As the world addresses climate change, the industrial demand for palladium has risen dramatically. However, palladium remains a rare precious metal with only 210 tons of worldwide production in 2020. Russia accounted for nearly half the output. In early 2016, palladium reached a bottom at below $470 per ounce. On March 7, the price was over six times higher.
PALL is an alternative to the physical and futures market
Bull markets in commodities can take prices to unthinkable levels when shortages occur. The potential for almost half of annual output to disappear from the market could push the price far above the May 2021 all-time high over the coming weeks and months.
The most direct route for a risk position in the palladium market is via the physical bars and coins available from dealers worldwide.
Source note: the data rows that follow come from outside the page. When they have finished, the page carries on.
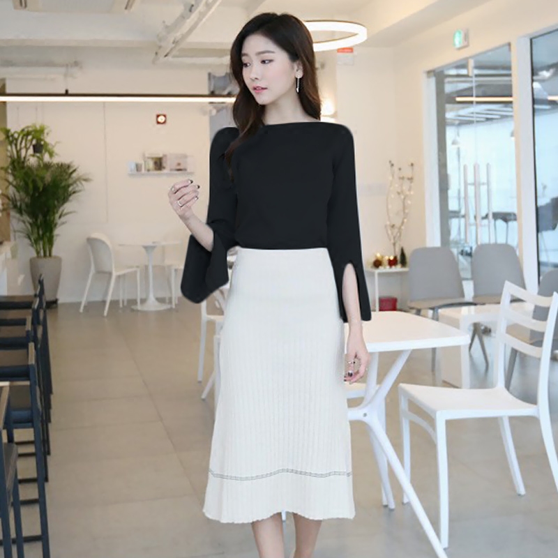 春季新款針織套裝女修身時尚針織衫包臀裙連衣裙兩件套打底裙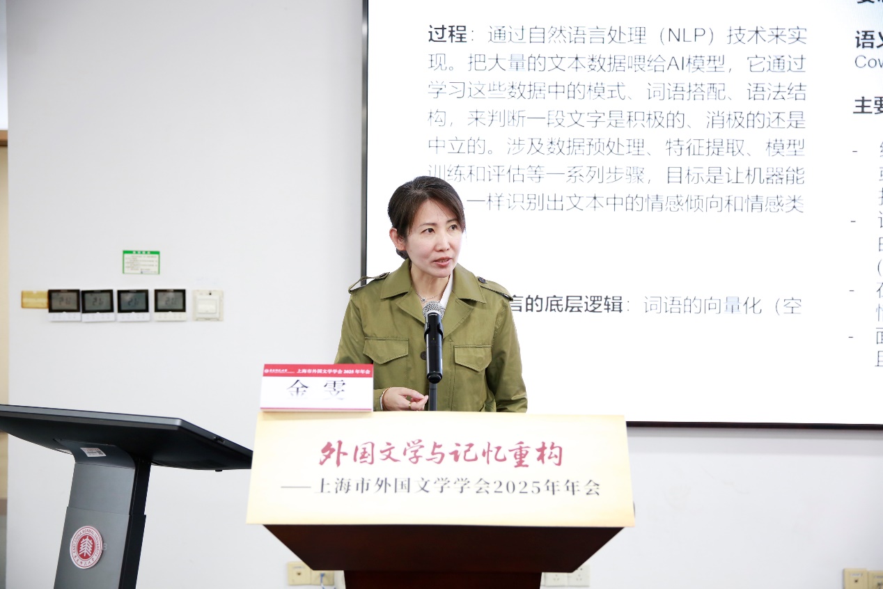 第三阶段的主旨报告由副会长、同济大学刘晓芳教授,上海外国语大学李尚宏教授,上海财经大学谭琼琳教授主持。自拍流出 金雯教授在她的发言中讨论了当代人工智能语境中的记忆与情感关系。她指出,文化记忆的形塑与情感治理紧密交叉,记忆理论必须与情感理论发生深度对话才能增强自身解释文化现象和参与社会构建的功能。金雯教授展示了计算机、量子物理、人工智能等前沿领域对身体和情感规律的探索,认为在稳定性基础上拥抱不确定性,是深度情感认知的起源,也是创造力的条件。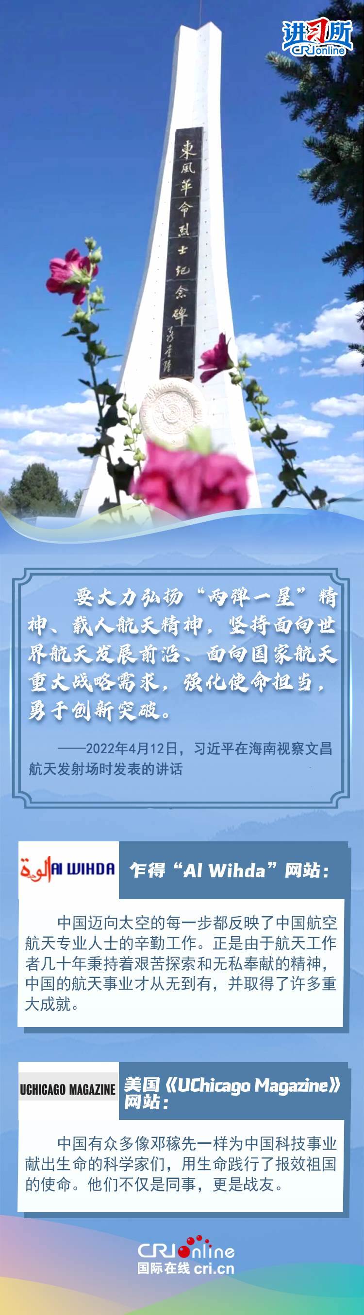 新時(shí)代以來,從設(shè)立烈士紀(jì)念日到出臺英雄烈士保護(hù)法,再到加強(qiáng)烈士紀(jì)念設(shè)施保護(hù),中國崇尚英雄、學(xué)習(xí)英雄的社會風(fēng)尚贏得國際社會贊譽(yù)。在國際人士眼中,中國多年來飛躍式的進(jìn)步和發(fā)展,離不開人們對先輩意志的繼承與實(shí)踐。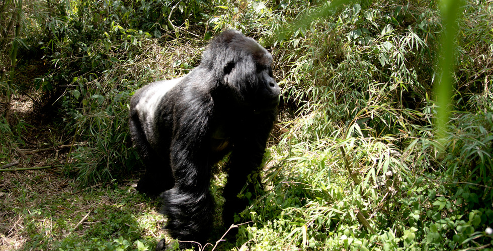 In Rwanda New Year's Eve is not the celebration rather it is New Year's Day that is important. We went on our 2nd gorilla trek for New Year's Day. We saw the Sabyinyo Group this time. That group had the oldest silverback who conveniently is also 49. His son is also a silverback. There is also an adult male that is almost a silverback, but he is considered a blackback, because his back has not yet silvered. This trek was much less challenging than the day before. We only went about 3 miles out and back. It was less muddy and on a scale of 1-10 it was about a 3. The day before it was a grueling trek in narrow, steep, muddy paths that was 9 or a 10 on the difficulty scale that was about 6.5 miles and 2 1/2 hours to find them. The guides the second day were amazing, Augustin and Placid, were informative and helpful. They were patient with other members of our group. The gorillas were in the bramble this time which were very tight quarters and they were in smaller groups so were constantly moving with them. The senior silverback brushed past us.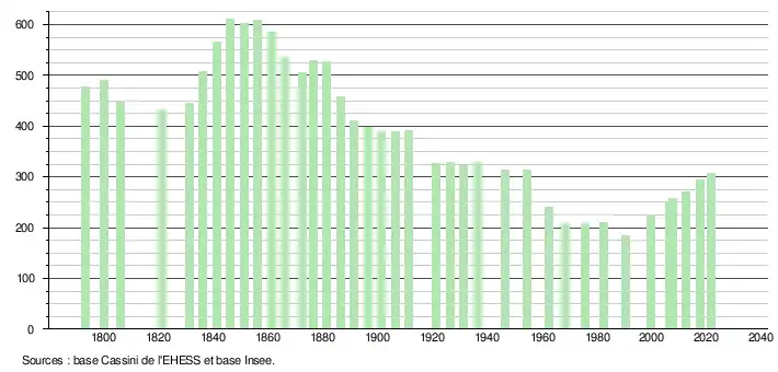 L'évolution du nombre d'habitants est connue à travers les recensements de la population effectués dans la commune depuis 1793. Pour les communes de moins de 10 000 habitants, une enquête de recensement portant sur toute la population est réalisée tous les cinq ans, les populations légales des années intermédiaires étant quant à elles estimées par interpolation ou extrapolation[27]. Pour la commune, le premier recensement exhaustif entrant dans le cadre du nouveau dispositif a été réalisé en 2007[28].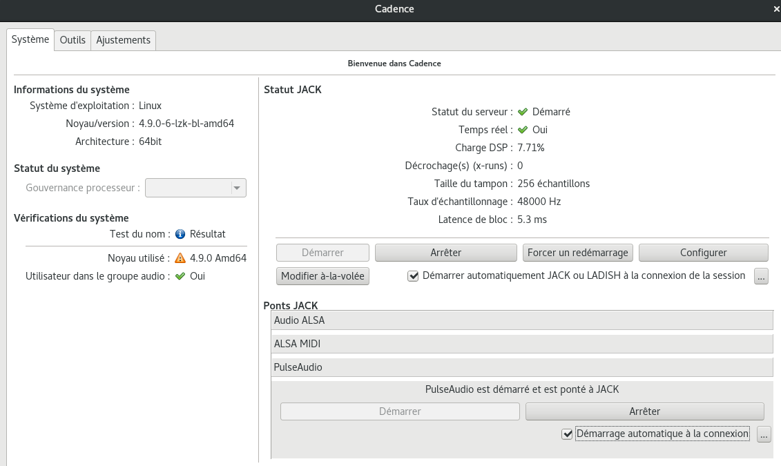 Mon niveau avec Cadence, JACK étant très très faible ... il y a des erreurs .. mais j'affinerai au fur et à mesure cette page.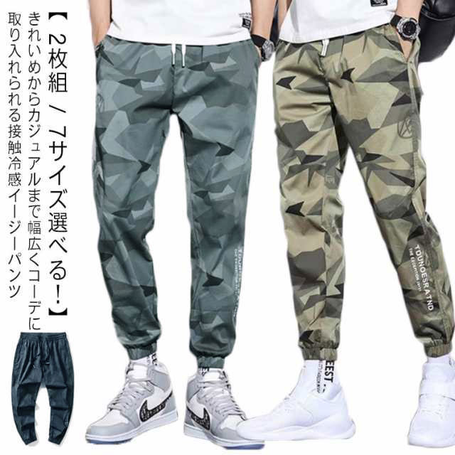 スウェットパンツ メンズ スリム スウェットパンツ夏 冷感 涼感 ストレッチ 伸縮 夏 ジョガーパンツ 2枚組 カモフラ柄 迷彩 メンズ ゴルフパンツ 冷感 冷感パンツ アイスシルク スキニーパンツ 冷感ズボン ジョガー パンツ 大きいサイズ ゴルフウェア ストレッチパンツ

The NYMEX division of the CME offers a palladium futures contract with a delivery mechanism.
For those looking to participate in the palladium market without holding physical metal or venturing into the futures arena, the Aberdeen Physical Palladium ETF product (PALL) provides an alternative.
At $271.59 per share, PALL had over $530.5 million in assets under management. The ETF trades an average of 84,815 shares each day and charges a 0.60% management fee.
Nearby palladium futures rose from $1549.40 in December 2021 to $3380.50 on March 7, an 118.2% increase.

The chart shows that PALL moved from $143.06 to $281.50 per share or 96.8% over the same period. One of the drawbacks of the PALL ETF is it only trades during hours when the US stock market is open. Palladium futures trade around the clock during the week. The high in palladium occurred at 3:30 EST, six hours before the US stock market and PALL ETF product began trading on March 7. PALL misses significant moves that occur when the stock market is closed as it did not on March 7.
Palladium moved to a new all-time high, and the sky could be the limit for the price as Russian supplies may disappear from the market. However, a settlement that decreases the risks by ending the war could cause the price to correct sharply after the recent surge. Expect lots of volatility in the palladium market over the coming days and weeks.